Where do Models come from?

It is reasonable to ask in the case of coin tossing, where the model comes from. It may well come out of a hat or the seething subconscious of the statistician analysing the data. If I collect some data and you give me two discrete models, I can find which gives me the larger probability. If they are continuous models, I can, using the idea of the pdf as a limit of histograms, calculate the likelihood, the value of the pdf at the data value, for each of the data points, and multiply the numbers together to get a total likelihood for the whole data set, on that model. Or as statisticians prefer to think of it, the likelihood of those model parameters for that particular data set. This was discussed, somewhat casually, in the particular case of gaussian models in chapter one. The heuristic rule of picking the larger of the likelihoods was advanced, without anything other than an appeal to intuition to justify it. In the case where the models were all gaussians it is possible to find that model, in the now infinite manifold of all such models, which gives the maximum likelihood. But then we can ask, where does this family of models come from? Maybe gaussians are daft.
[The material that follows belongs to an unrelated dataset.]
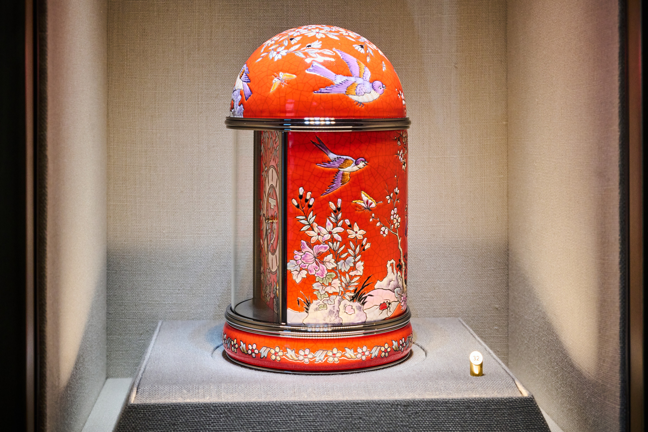 For other musical stylings, you can check out the dome table clock ref. 20195M-001, with cloisonné enamel and miniature painting on enamel in 44 colors.
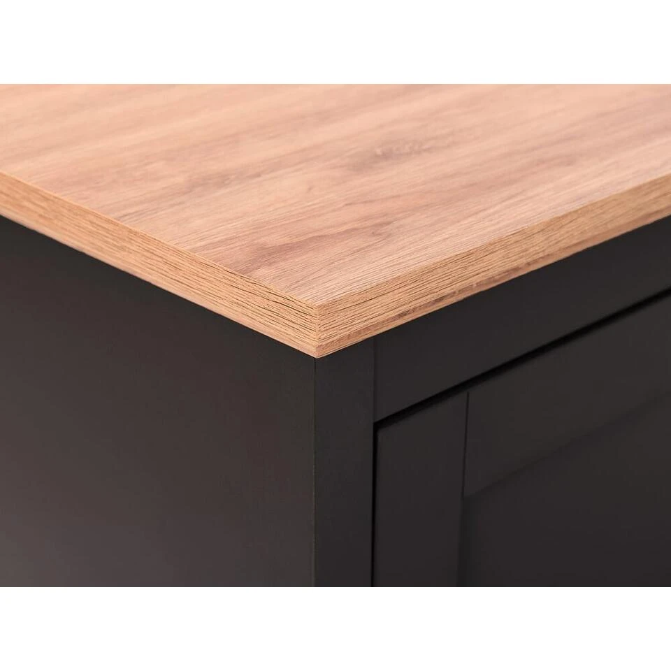 Retro TV-meubel in grijs. Deze retro-geïnspireerde tv-standaard past in elke moderne of traditionele woonkamer. Hij is ontworpen met een kabelopening waardoor je extra apparatuur kunt plaatsen, zoals een speler of console. Twee gesloten planken met vakken zijn perfecte plekken voor een verzameling dvd’s en games. De grijze kleur van de fronten harmonieert perfect met het tafelblad en de lade afgewerkt met een laminaat dat licht hout imiteert.

There is no algorithm for producing a good family of models; given two models we can produce rules for choosing between them. When the two models are different members of a family with some fixed number of parameters, we can imagine ourselves swanning about the manifold of all such models, looking for the one for which the likelihood of getting our data is maximal. When the models are of very different types, we can still choose the model which gives the maximum likelihood, but this could be a very stupid thing to do. There is always one model which produces exactly the data which was obtained, and no other, with probability one. In the case of the coin which came down Heads 8 times out of 10, there is always the theory that says this was bound to happen. It has certainly been confirmed by the data! This `predestination' model, easily confused with the data set, has probability 1, if it can be assigned a probability at all, but you are unlikely to feel kindly disposed towards it, if only because it says absolutely nothing about what might happen if you tossed the coin again.